___ SOURCE DATA ___
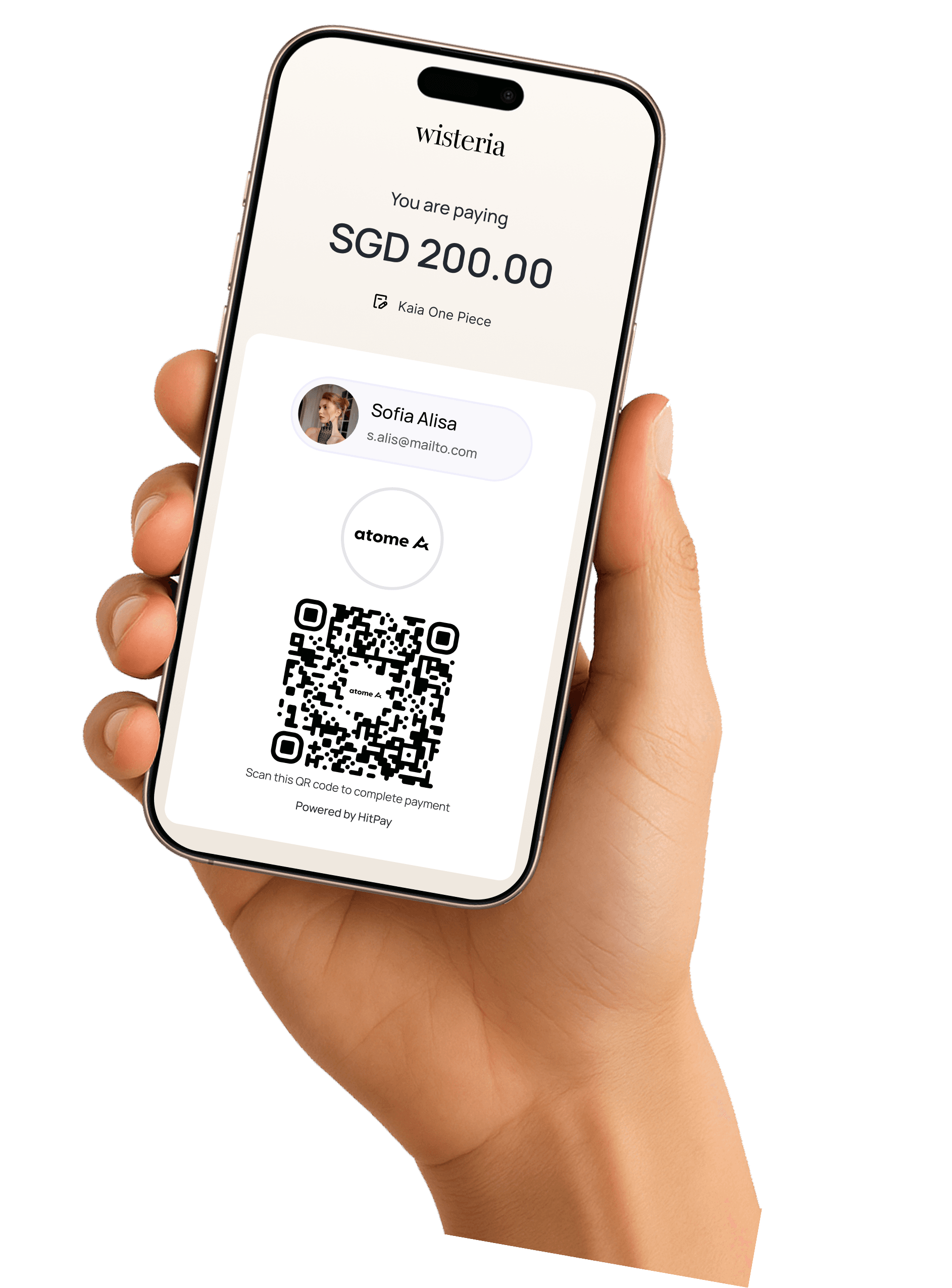Atome QR codes for in-person payments are currently available via HitPay in Singapore and Malaysia.
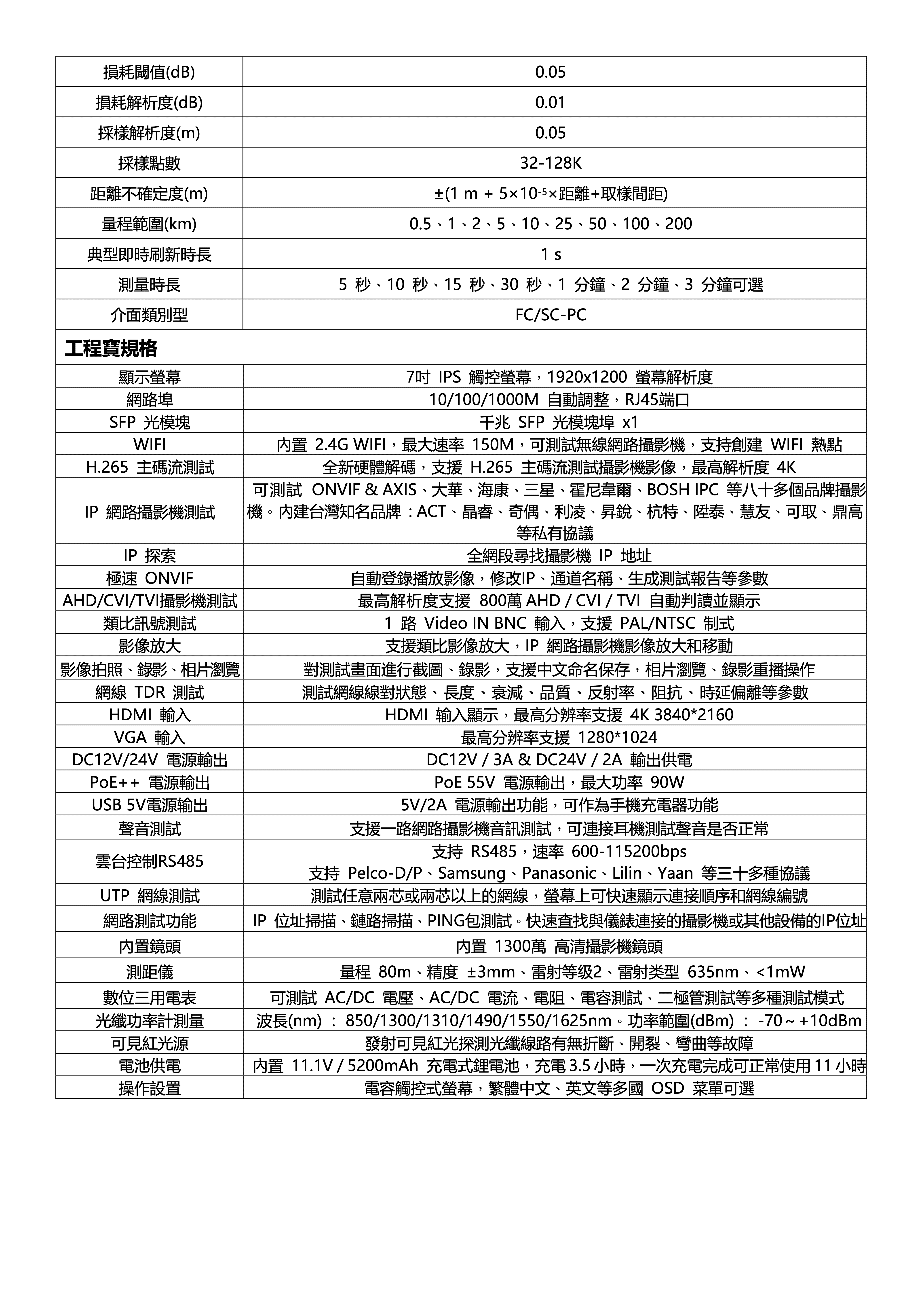- OTDR 雙波長光纖檢測,高動態範圍,最大測量距離 110 公里。
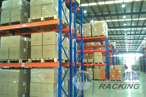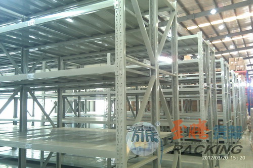 重型貨架多采用雙排連接,通過連接桿來分隔雙排貨架。
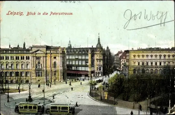 Ak Leipzig in Sachsen, Petersstraße, Straßenbahn
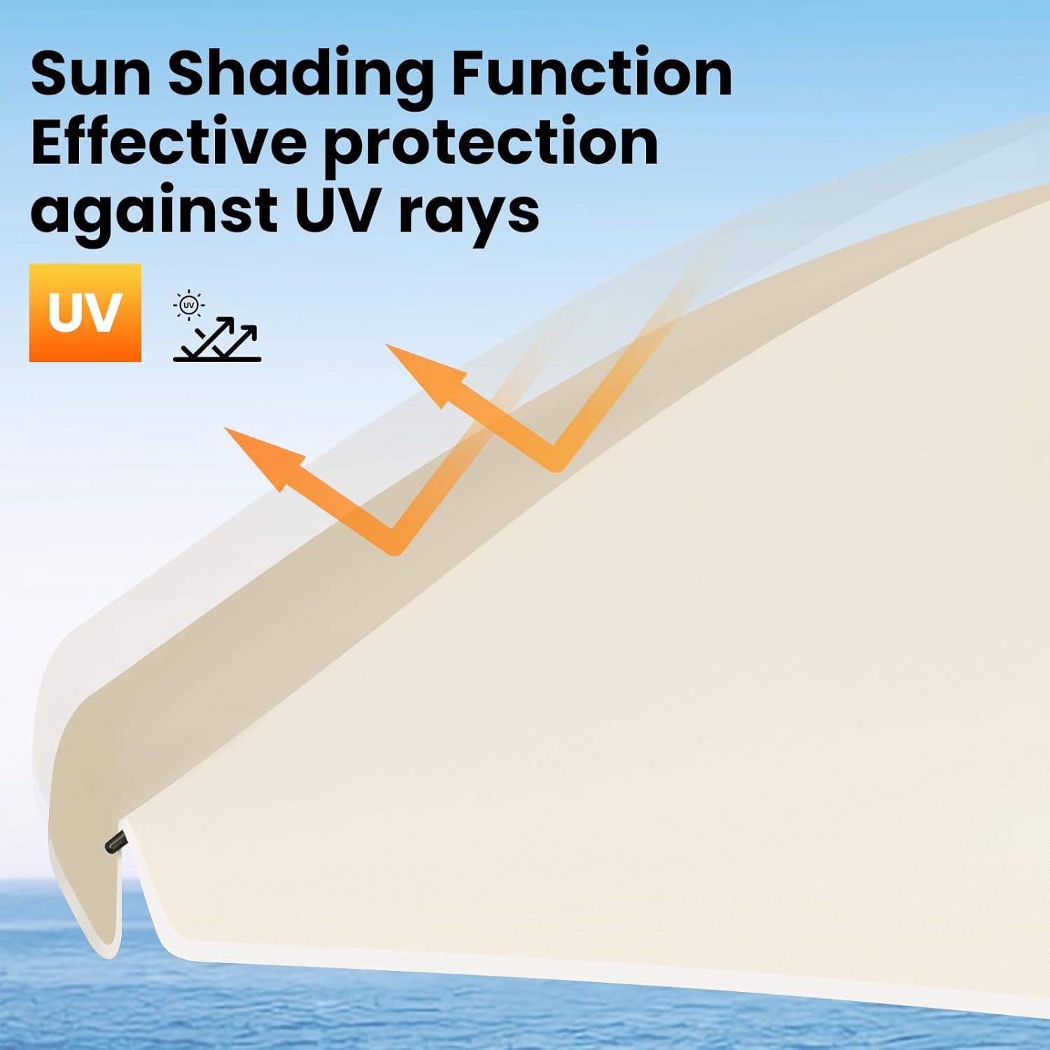 Apsauga nuo saulės: skėtis pagamintas iš 180 g/m² poliesterio su apsaugine danga. Medžiaga atspari UV spinduliams ir vandeniui, todėl efektyviai saugo nuo stiprios saulės ir leidžia patogiai mėgautis pavėsiu lauko veiklų metu.
___
* ASSIGNMENT *
Exclude the images, then output the data above word for word.

* WRITTEN RESPONSE *
Atome QR codes for in-person payments are currently available via HitPay in Singapore and Malaysia.
- OTDR 雙波長光纖檢測,高動態範圍,最大測量距離 110 公里。
 重型貨架多采用雙排連接,通過連接桿來分隔雙排貨架。
 Ak Leipzig in Sachsen, Petersstraße, Straßenbahn
 Apsauga nuo saulės: skėtis pagamintas iš 180 g/m² poliesterio su apsaugine danga. Medžiaga atspari UV spinduliams ir vandeniui, todėl efektyviai saugo nuo stiprios saulės ir leidžia patogiai mėgautis pavėsiu lauko veiklų metu.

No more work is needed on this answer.